A HISTORY OF THE CIVIL WAR

An excellent teaching tool, perfect for libraries.

Noted academics, scholars, editors, and historians contribute to a collection of fresh, provocative essays on the Civil War, first published in digital form by the New York Times.

Times’ editors Risen (American Whiskey, Bourbon & Rye: A Guide to the Nation's Favorite Spirit, 2015, etc.) and Kalogerakis team up with Widmer (Director, John Carter Brown Library/Brown Univ.; Brown: The History of an Idea, 2015, etc.) for a beautifully laid-out and organized version of their online Disunion blog, which ran until 2015. Featuring a foreword by Ken Burns, who speaks to the persistent relevance of the Civil War as an initial but never satisfactory way of atoning for our original sin, the book elicits contemporary voices wrestling with internal conflicts that still haunt Americans today: as Widmer writes, “anger at the federal government, unresolved racial tensions, simple helplessness before the constant onslaught of a 24-7 communications grid that matured during the war.” Each of the 10 chapters contains around 10 essays, from the first chapter, “Secession” (e.g., “The Strange Victory of the Palmetto State” by Manisha Sinha), to “The Battlefield” (e.g., “Humanity and Hope in a Southern Prison” by Peter Cozzens) to “Abraham Lincoln and the Federal Government” (e.g., “The Rise and Fall (and Rise) of Salmon P. Chase” by Rick Beard) to the final chapter, “Consequences” (e.g., “Remembering the Gettysburg Address” by Joshua Zeitz).
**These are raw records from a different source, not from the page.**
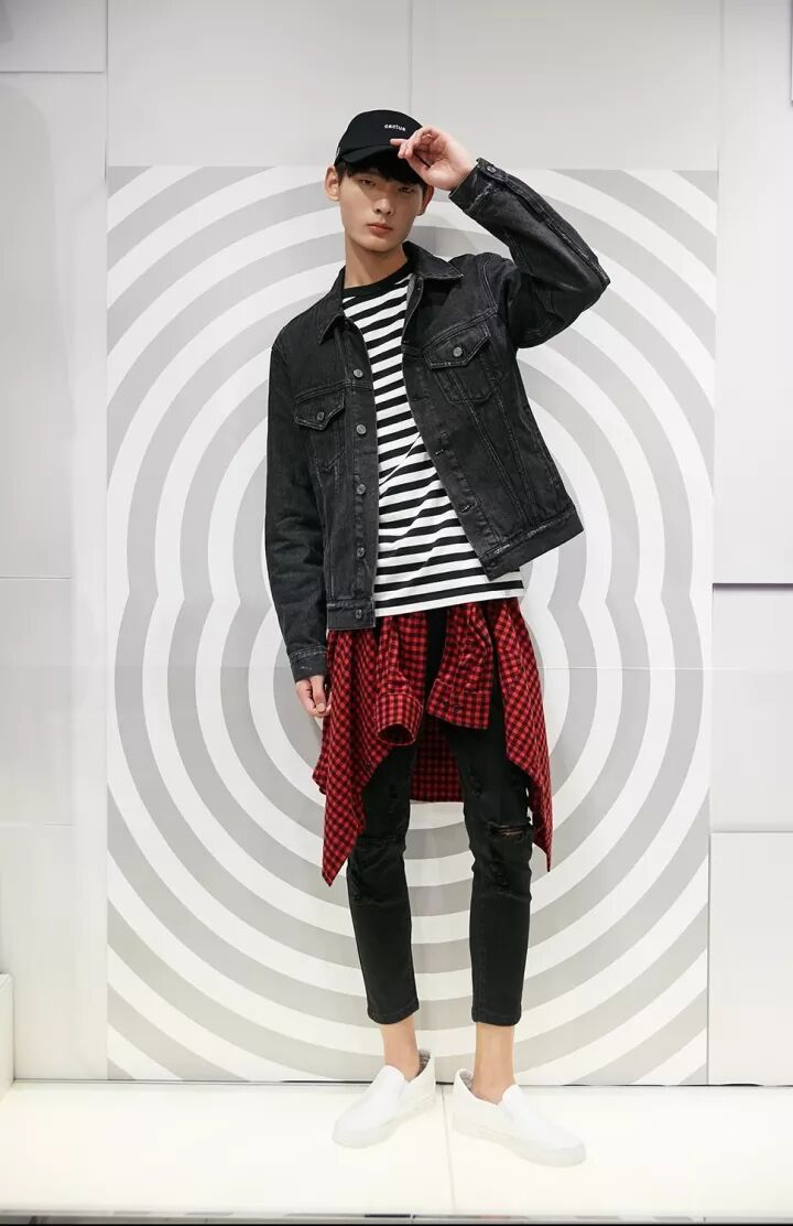 準備經典的黑白搭配,外套用了黑色的修身牛仔夾克,內搭選擇了百搭條紋T,褲子選擇了酷帥的破洞牛仔褲,想要給整身增添亮點,用一件紅色格紋襯衫綁在腰間就搞定啦~
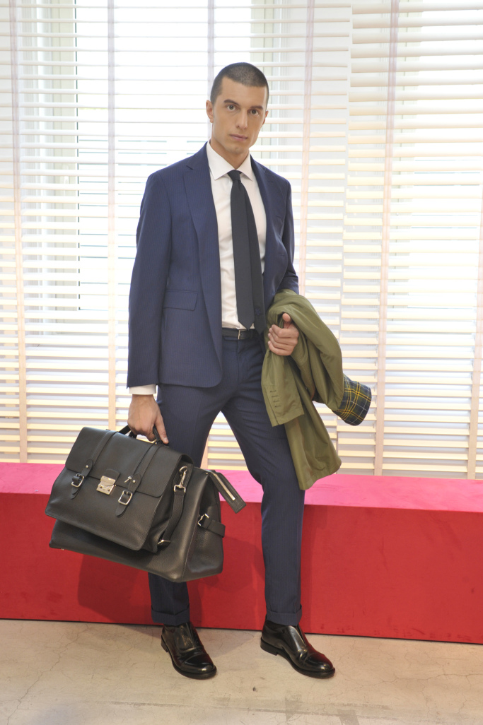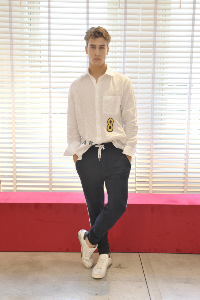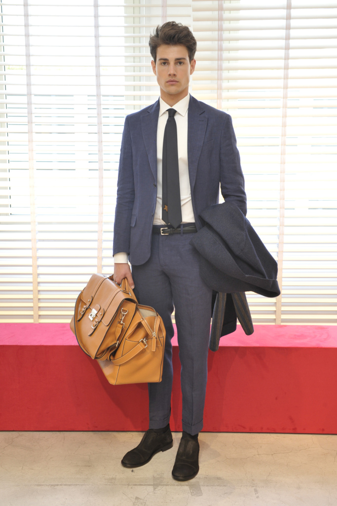 Another key element was the traditional Prince of Wales pattern revved up with strokes of colors. Caftan shirts with pop prints of stars or numbers were casually thrown over jogging pants and sneakers with a used effect. “Today I Love You” and “Just for Today” written over the sneakers expressed the carefree mood of the lineup. Scervino did not forget about his more formal customers, presenting sleek suits and briefcases and totes that any globetrotting executive would be happy to carry on his business trips. “Harmony is what is important,” summed up the designer. Spot on, as the collection had an ease and cohesion that matched his words.
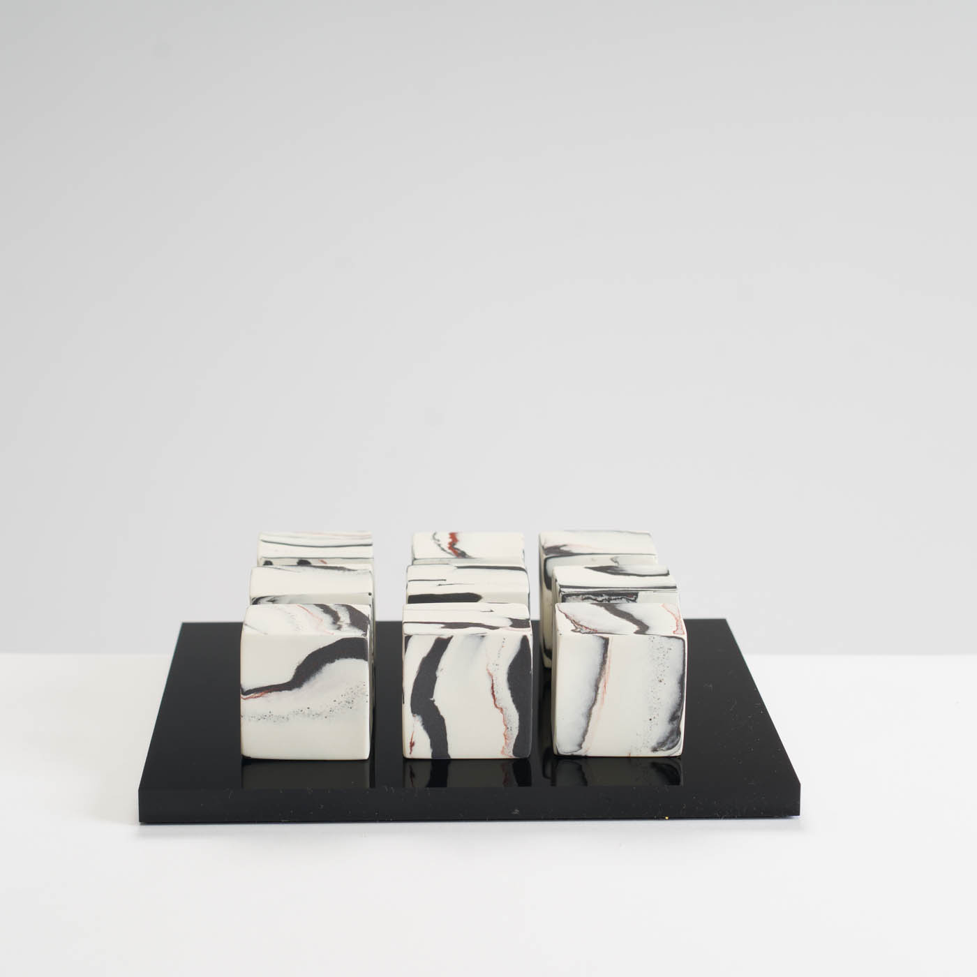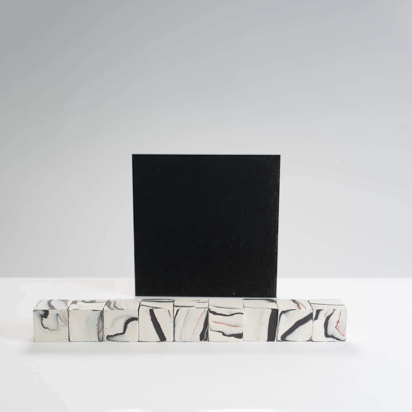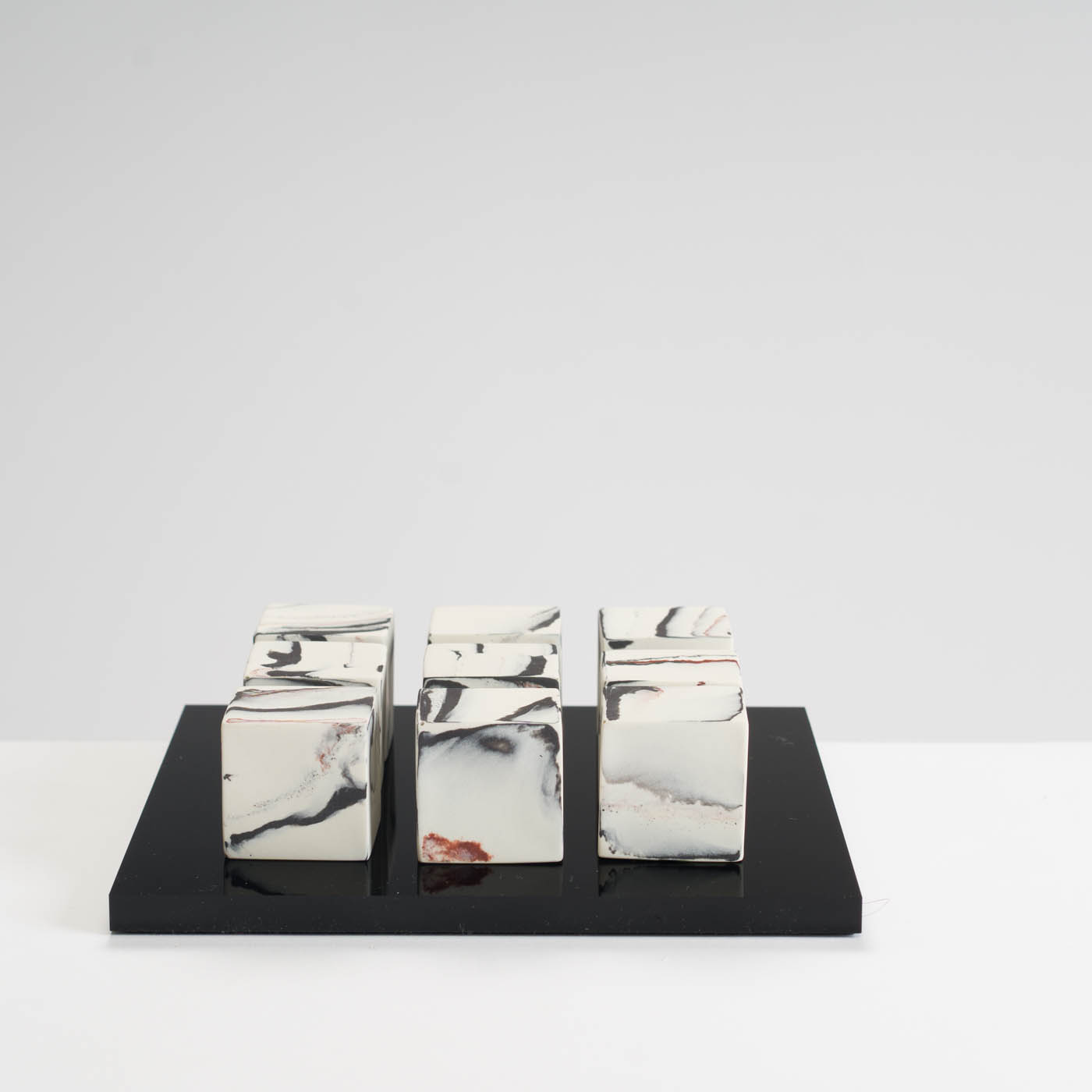 Inspired by geology, particularly of the South Wales coalfields, this set consists of nine hand-built cubes, and a black perspex plinth. Materials used include: porcelain, black onyx porcelain, and iron spangles.
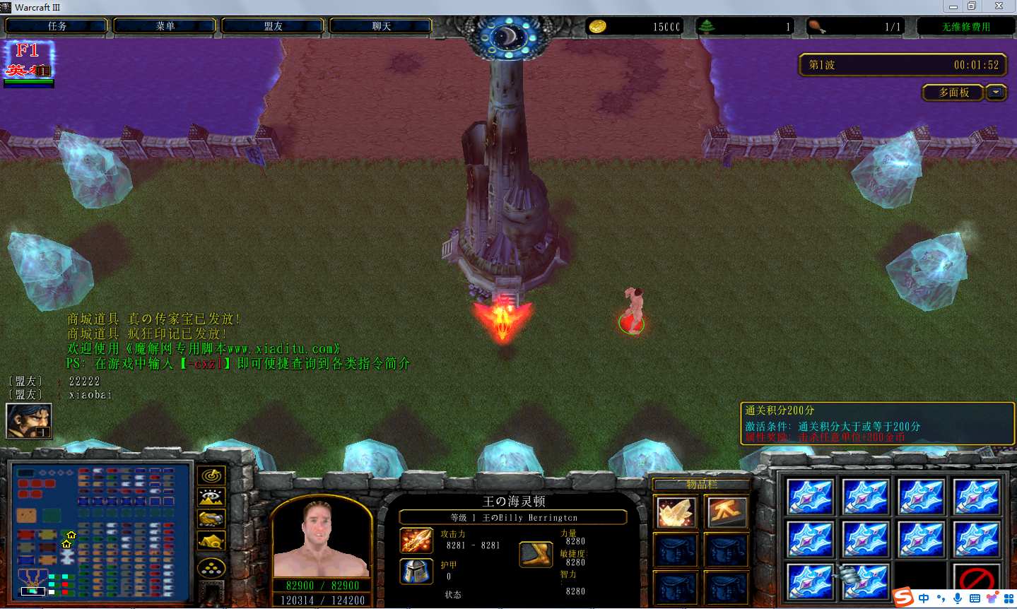 地图名字:巅峰之战1.1.4地图下载+全商城特权+全存档+隐藏英雄+无CD+指令功能
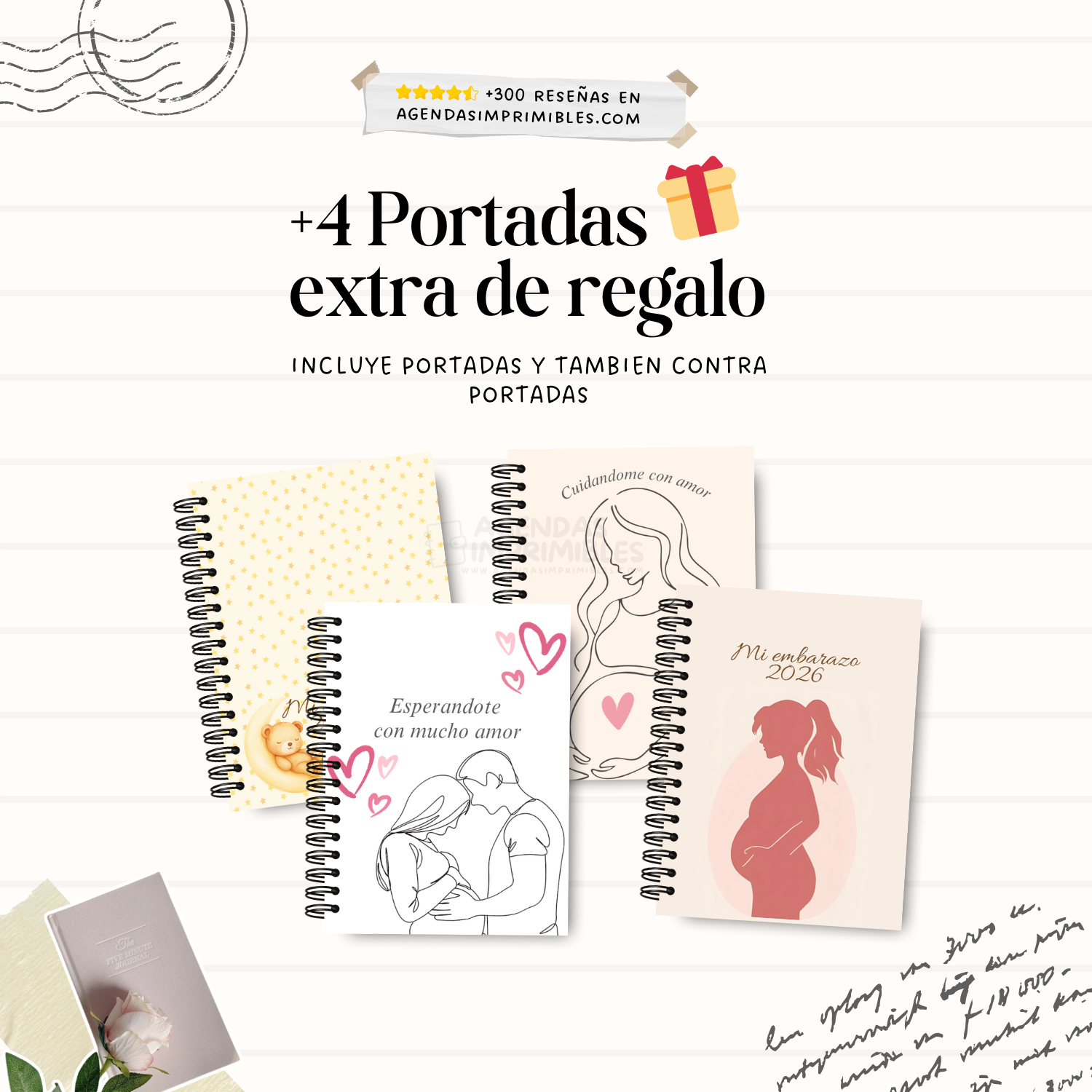 Además, recibe +5 portadas de regalo y el archivo 100% editable en Canva para personalizar cada detalle. Con 190 páginas en formato A4 y A5, es la herramienta perfecta para llevar un seguimiento de tu embarazo de forma organizada.

Widmer writes of the “liberating” form (for academics) of these punchy, original essays written for a “digital commons,” and indeed they spread the net widely for some surprising moments of erudition, such as Melinda Miller and Rachel Smith Purvis’ essay about the Cherokee leaders producing their own emancipation acts in the wake of Lincoln’s in February 1863 (“The Cherokees Free Their Slaves”). Also notable are Crystal N. Feimster’s “Rape and Justice in the Civil War” and contributions by scholars Adam Goodheart, Jon Grinspan, Paul Finkelman, and Harold Holzer.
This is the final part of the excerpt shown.